## Data extract

──────────────────────────────

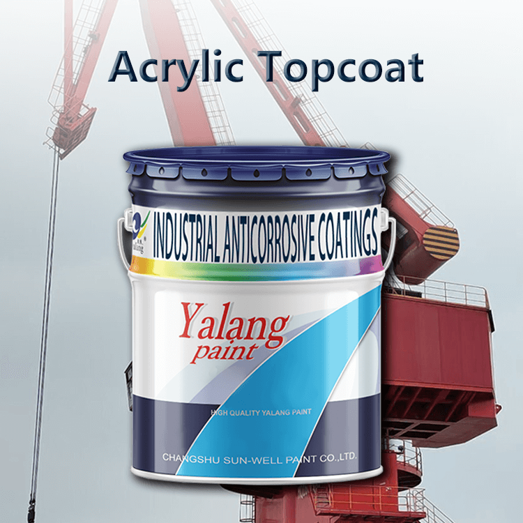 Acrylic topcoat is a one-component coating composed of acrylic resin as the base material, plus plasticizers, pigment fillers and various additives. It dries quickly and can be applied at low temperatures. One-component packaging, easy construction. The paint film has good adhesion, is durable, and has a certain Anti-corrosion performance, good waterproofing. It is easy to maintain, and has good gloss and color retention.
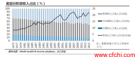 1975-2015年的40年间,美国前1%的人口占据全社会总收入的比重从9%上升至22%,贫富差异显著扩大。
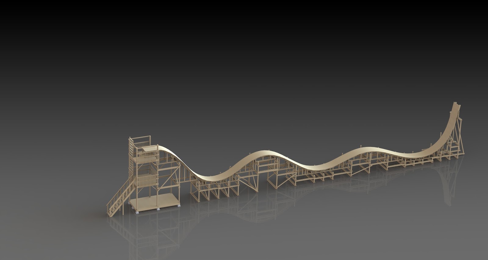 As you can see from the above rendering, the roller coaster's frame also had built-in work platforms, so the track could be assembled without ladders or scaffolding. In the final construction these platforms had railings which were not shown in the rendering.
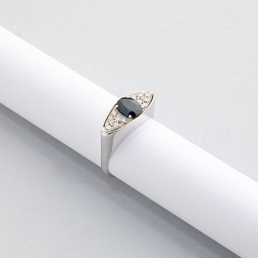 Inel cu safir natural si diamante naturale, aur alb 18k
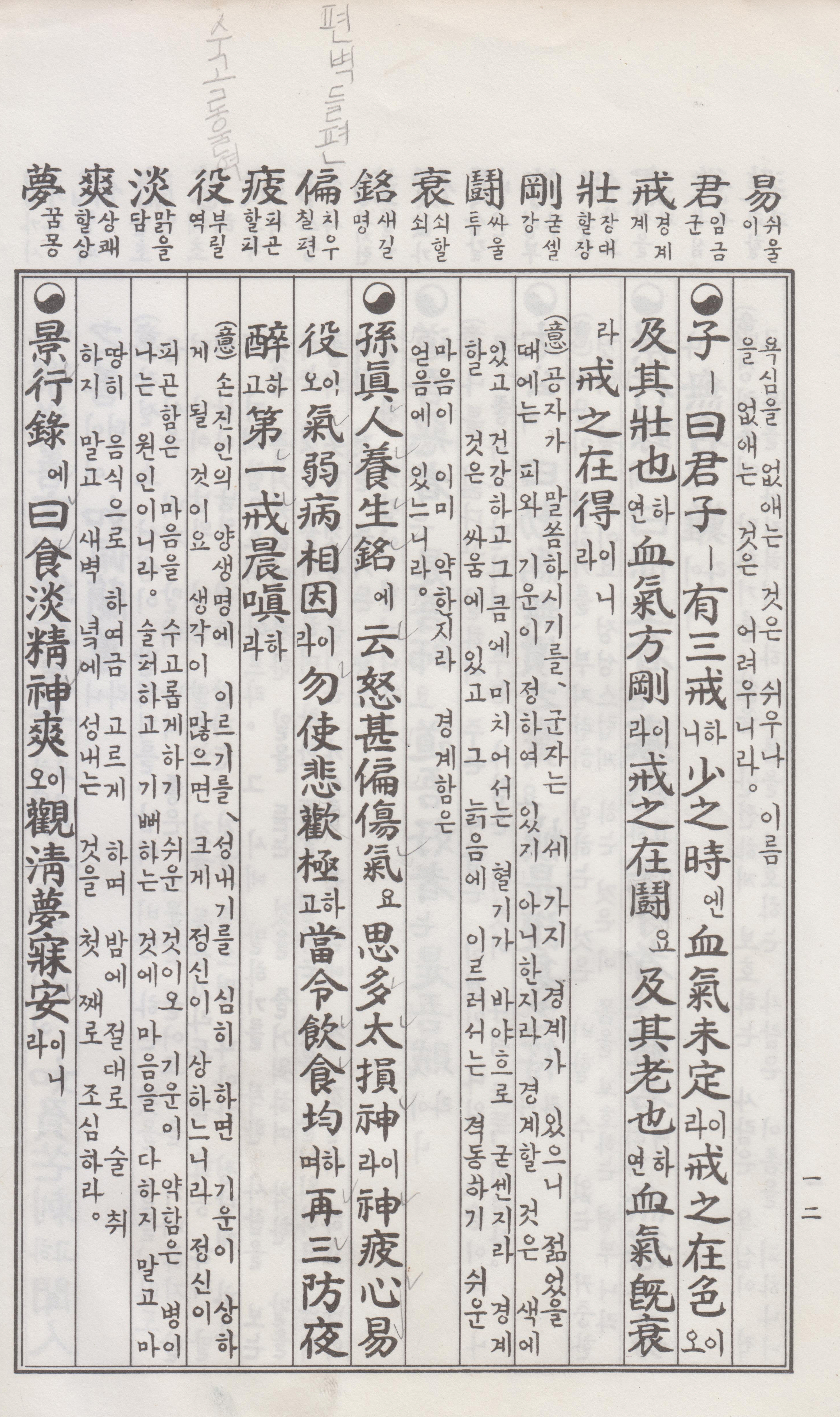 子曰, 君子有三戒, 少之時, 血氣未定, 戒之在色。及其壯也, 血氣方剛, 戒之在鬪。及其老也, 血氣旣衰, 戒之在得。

──────────────────────────────

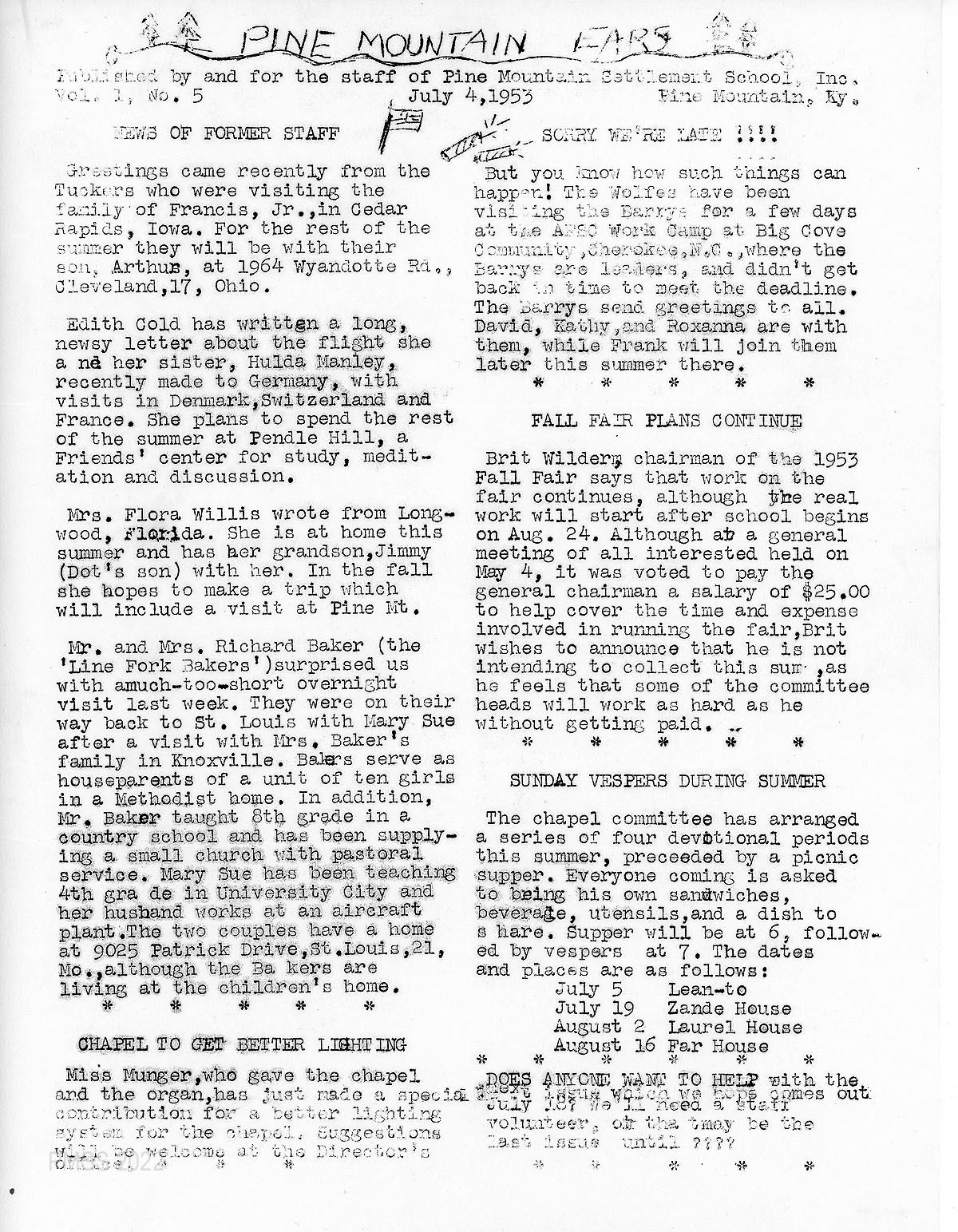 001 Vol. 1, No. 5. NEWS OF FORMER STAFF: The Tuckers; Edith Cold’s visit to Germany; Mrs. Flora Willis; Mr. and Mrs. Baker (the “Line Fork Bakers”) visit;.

──────────────────────────────

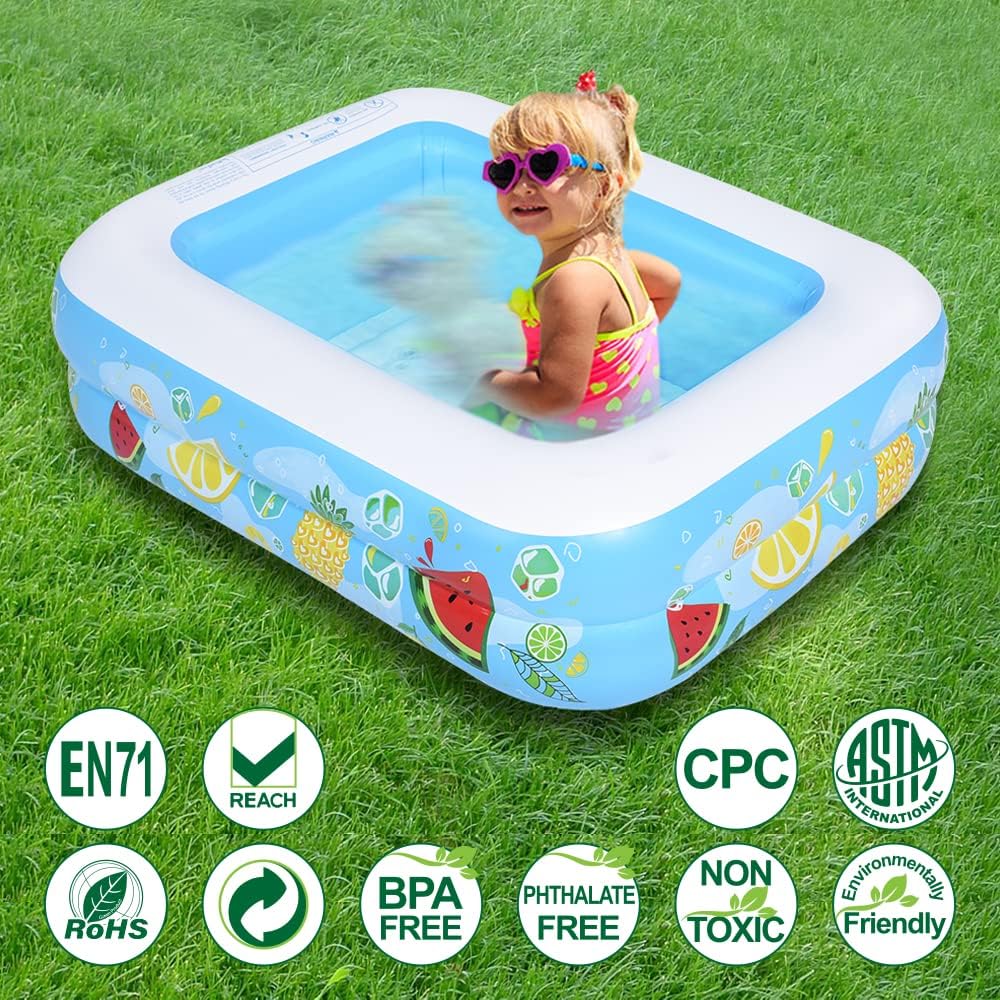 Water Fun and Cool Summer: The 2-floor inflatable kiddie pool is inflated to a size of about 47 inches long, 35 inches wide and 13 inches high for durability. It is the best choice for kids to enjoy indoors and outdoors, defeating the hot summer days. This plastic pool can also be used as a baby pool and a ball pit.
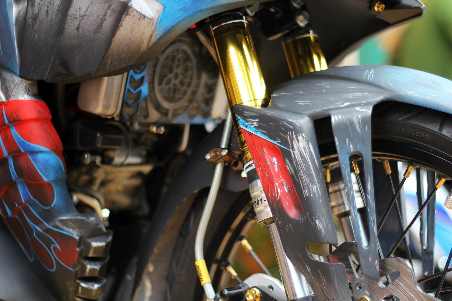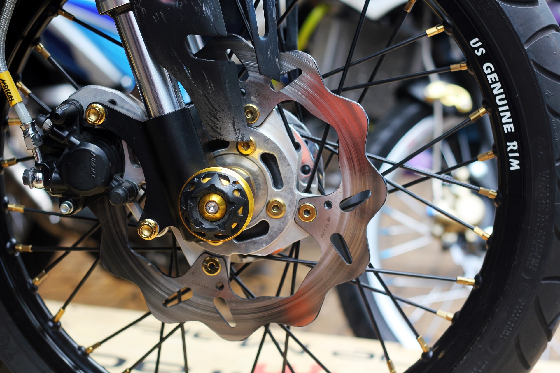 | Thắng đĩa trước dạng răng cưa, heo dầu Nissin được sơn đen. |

──────────────────────────────

## Task directions
Treat the line with "Acrylic topcoat is" as the start and the line with "1975-2015年的40年" as the end, and return exactly that span of the data above, both ends included, without pictures.

## Solution for this exercise
 Acrylic topcoat is a one-component coating composed of acrylic resin as the base material, plus plasticizers, pigment fillers and various additives. It dries quickly and can be applied at low temperatures. One-component packaging, easy construction. The paint film has good adhesion, is durable, and has a certain Anti-corrosion performance, good waterproofing. It is easy to maintain, and has good gloss and color retention.
 1975-2015年的40年间,美国前1%的人口占据全社会总收入的比重从9%上升至22%,贫富差异显著扩大。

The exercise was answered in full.